=== DATA SHOWN ===
____
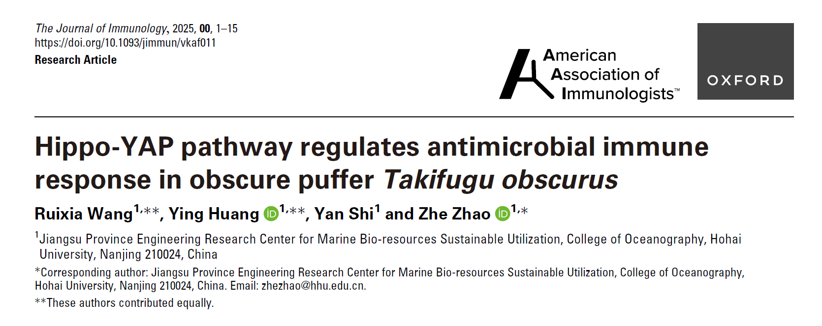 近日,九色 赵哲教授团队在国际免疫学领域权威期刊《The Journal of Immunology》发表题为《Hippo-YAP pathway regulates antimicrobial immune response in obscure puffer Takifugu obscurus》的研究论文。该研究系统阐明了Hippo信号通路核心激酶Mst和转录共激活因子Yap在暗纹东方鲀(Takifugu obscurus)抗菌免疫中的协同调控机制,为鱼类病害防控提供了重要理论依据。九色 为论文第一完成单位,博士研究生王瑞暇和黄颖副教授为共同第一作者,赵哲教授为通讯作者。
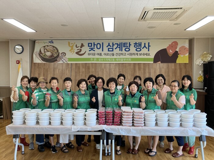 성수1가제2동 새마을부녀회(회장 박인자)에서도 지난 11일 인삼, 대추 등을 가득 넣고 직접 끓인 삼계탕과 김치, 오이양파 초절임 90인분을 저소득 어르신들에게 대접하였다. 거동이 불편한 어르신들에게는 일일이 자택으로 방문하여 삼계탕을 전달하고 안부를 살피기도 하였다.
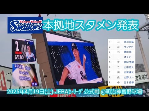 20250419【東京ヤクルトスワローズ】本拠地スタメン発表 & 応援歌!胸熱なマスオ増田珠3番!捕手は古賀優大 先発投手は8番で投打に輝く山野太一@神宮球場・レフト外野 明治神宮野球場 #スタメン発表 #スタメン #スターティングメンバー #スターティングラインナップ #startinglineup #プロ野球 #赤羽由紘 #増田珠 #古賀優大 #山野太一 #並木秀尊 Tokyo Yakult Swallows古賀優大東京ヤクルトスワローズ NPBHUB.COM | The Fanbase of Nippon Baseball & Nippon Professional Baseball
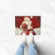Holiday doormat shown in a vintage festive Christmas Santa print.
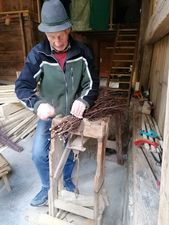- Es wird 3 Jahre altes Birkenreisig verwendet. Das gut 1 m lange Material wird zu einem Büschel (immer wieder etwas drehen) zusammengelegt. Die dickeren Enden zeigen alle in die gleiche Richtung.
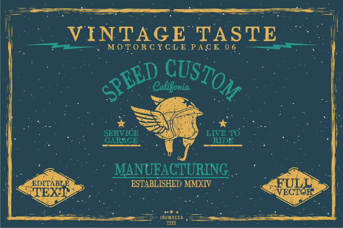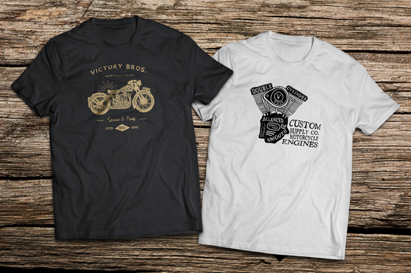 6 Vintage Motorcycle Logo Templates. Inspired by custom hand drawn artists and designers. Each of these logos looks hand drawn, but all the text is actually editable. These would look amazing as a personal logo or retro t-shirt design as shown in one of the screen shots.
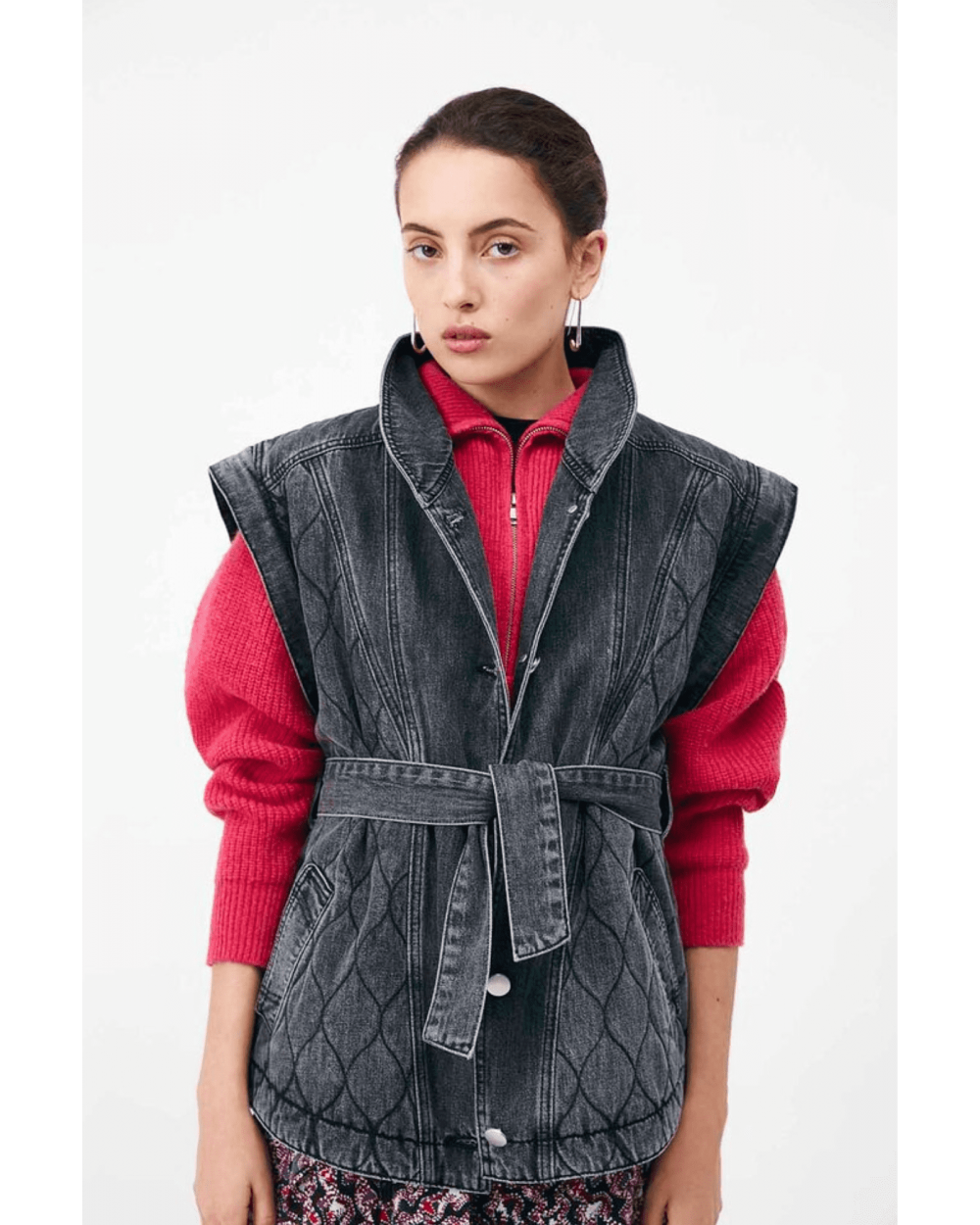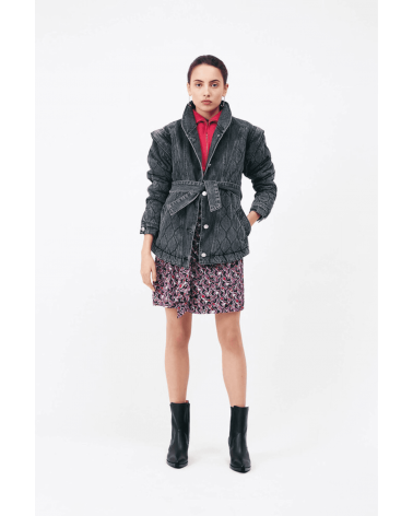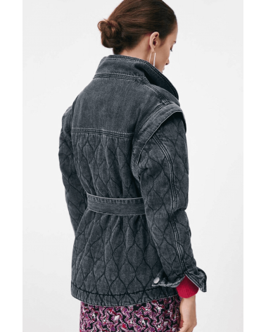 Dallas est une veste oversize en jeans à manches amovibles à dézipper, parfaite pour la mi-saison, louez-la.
____
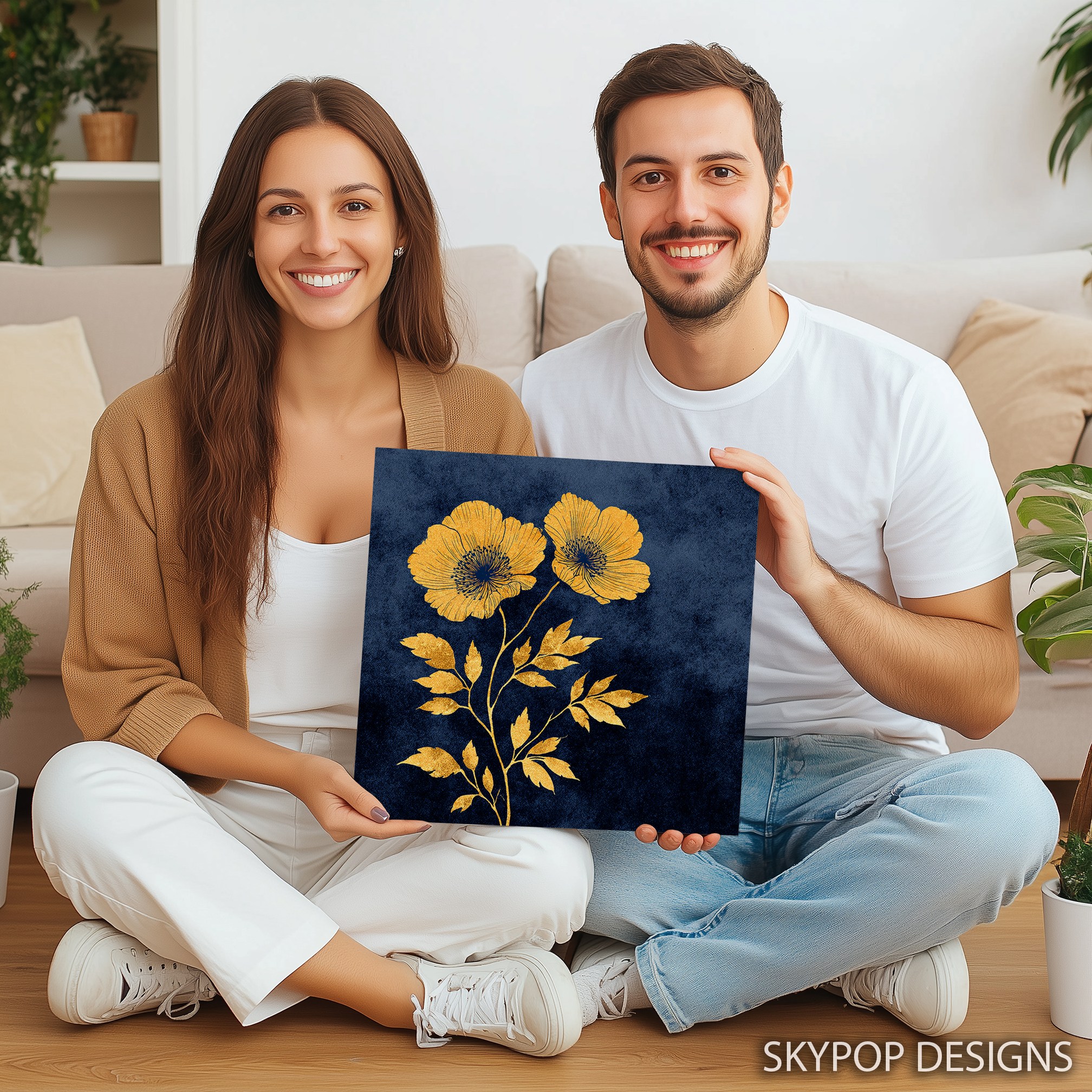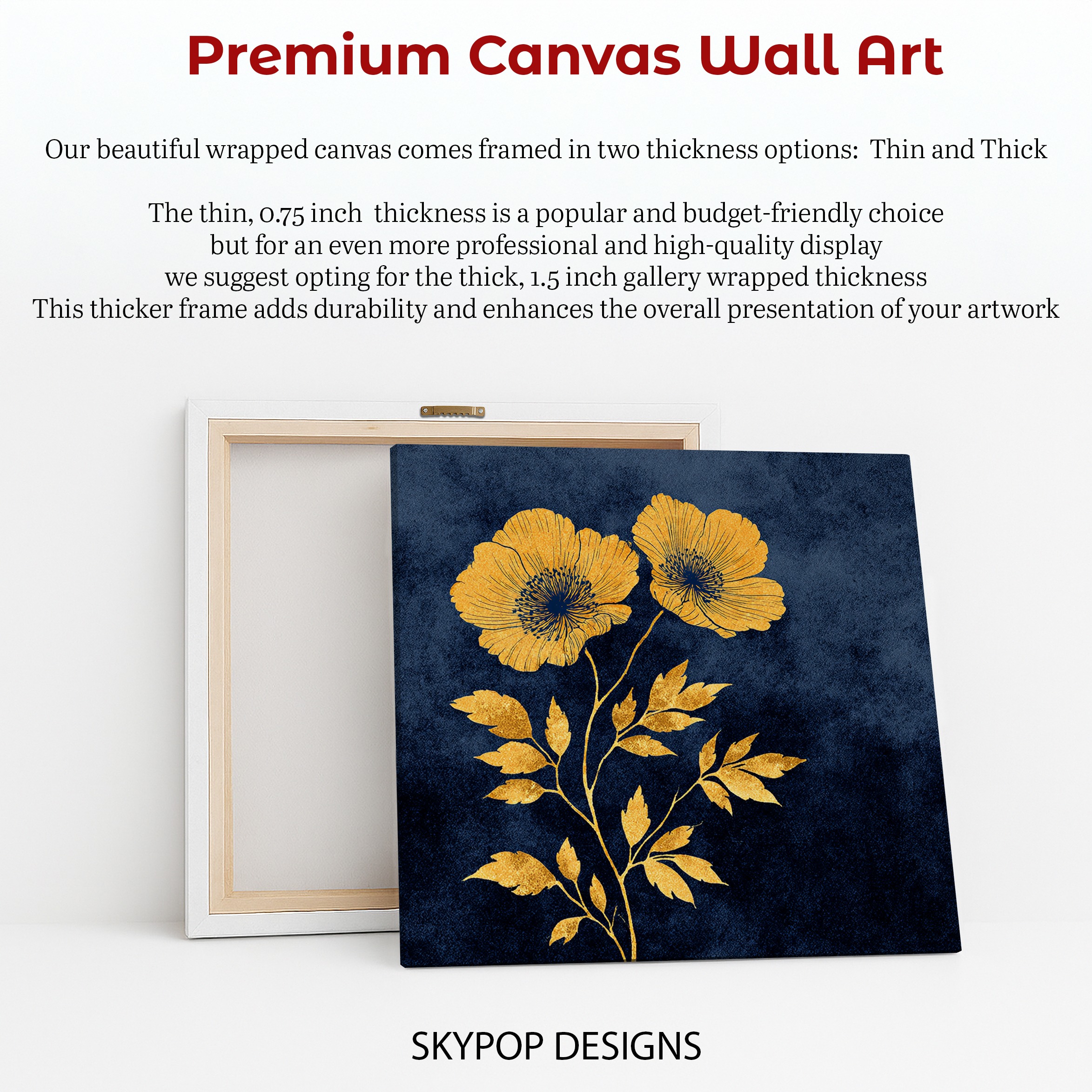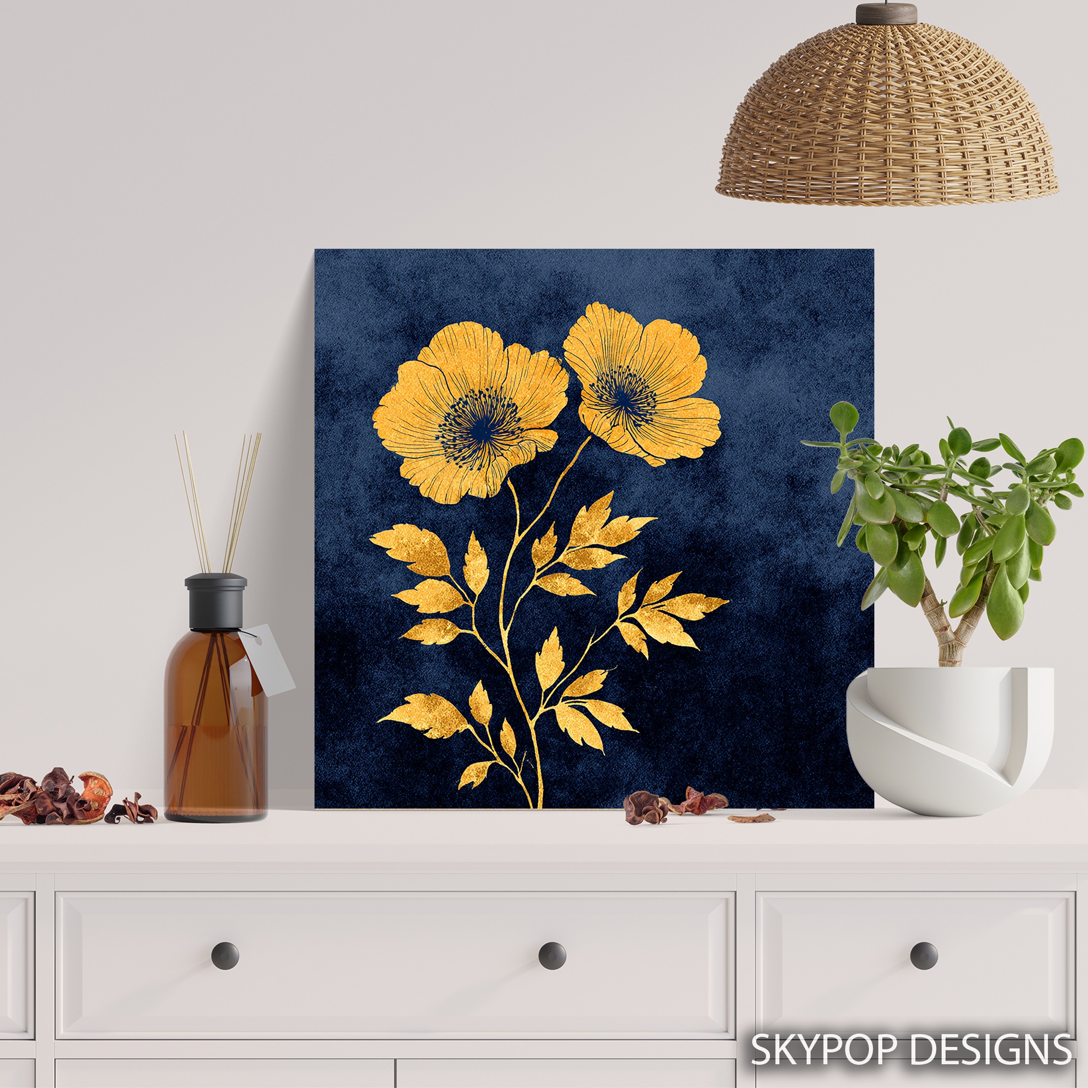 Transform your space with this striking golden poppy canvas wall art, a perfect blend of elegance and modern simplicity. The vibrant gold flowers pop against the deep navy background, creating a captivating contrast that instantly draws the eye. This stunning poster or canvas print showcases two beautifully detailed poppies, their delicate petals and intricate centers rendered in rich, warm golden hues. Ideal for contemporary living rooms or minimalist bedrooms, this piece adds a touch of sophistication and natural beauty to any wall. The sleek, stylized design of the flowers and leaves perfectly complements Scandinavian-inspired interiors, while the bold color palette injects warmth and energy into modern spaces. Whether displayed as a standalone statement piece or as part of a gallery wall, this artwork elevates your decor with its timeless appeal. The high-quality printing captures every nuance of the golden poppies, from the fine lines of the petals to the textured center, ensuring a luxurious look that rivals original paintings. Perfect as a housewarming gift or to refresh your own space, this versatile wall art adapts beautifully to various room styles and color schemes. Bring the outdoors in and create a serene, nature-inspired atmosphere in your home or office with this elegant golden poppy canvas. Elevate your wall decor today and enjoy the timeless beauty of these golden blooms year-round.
____
=== EXERCISE REQUIREMENTS ===
What is needed is an exact copy of only the lines above from the one with "성수1가제2동 새마을부녀회(회장 박인자)에서도" to the one with "Dallas est une", both kept, with every picture left out.

=== TASK OUTPUT ===
 성수1가제2동 새마을부녀회(회장 박인자)에서도 지난 11일 인삼, 대추 등을 가득 넣고 직접 끓인 삼계탕과 김치, 오이양파 초절임 90인분을 저소득 어르신들에게 대접하였다. 거동이 불편한 어르신들에게는 일일이 자택으로 방문하여 삼계탕을 전달하고 안부를 살피기도 하였다.
 20250419【東京ヤクルトスワローズ】本拠地スタメン発表 & 応援歌!胸熱なマスオ増田珠3番!捕手は古賀優大 先発投手は8番で投打に輝く山野太一@神宮球場・レフト外野 明治神宮野球場 #スタメン発表 #スタメン #スターティングメンバー #スターティングラインナップ #startinglineup #プロ野球 #赤羽由紘 #増田珠 #古賀優大 #山野太一 #並木秀尊 Tokyo Yakult Swallows古賀優大東京ヤクルトスワローズ NPBHUB.COM | The Fanbase of Nippon Baseball & Nippon Professional Baseball
Holiday doormat shown in a vintage festive Christmas Santa print.
- Es wird 3 Jahre altes Birkenreisig verwendet. Das gut 1 m lange Material wird zu einem Büschel (immer wieder etwas drehen) zusammengelegt. Die dickeren Enden zeigen alle in die gleiche Richtung.
 6 Vintage Motorcycle Logo Templates. Inspired by custom hand drawn artists and designers. Each of these logos looks hand drawn, but all the text is actually editable. These would look amazing as a personal logo or retro t-shirt design as shown in one of the screen shots.
 Dallas est une veste oversize en jeans à manches amovibles à dézipper, parfaite pour la mi-saison, louez-la.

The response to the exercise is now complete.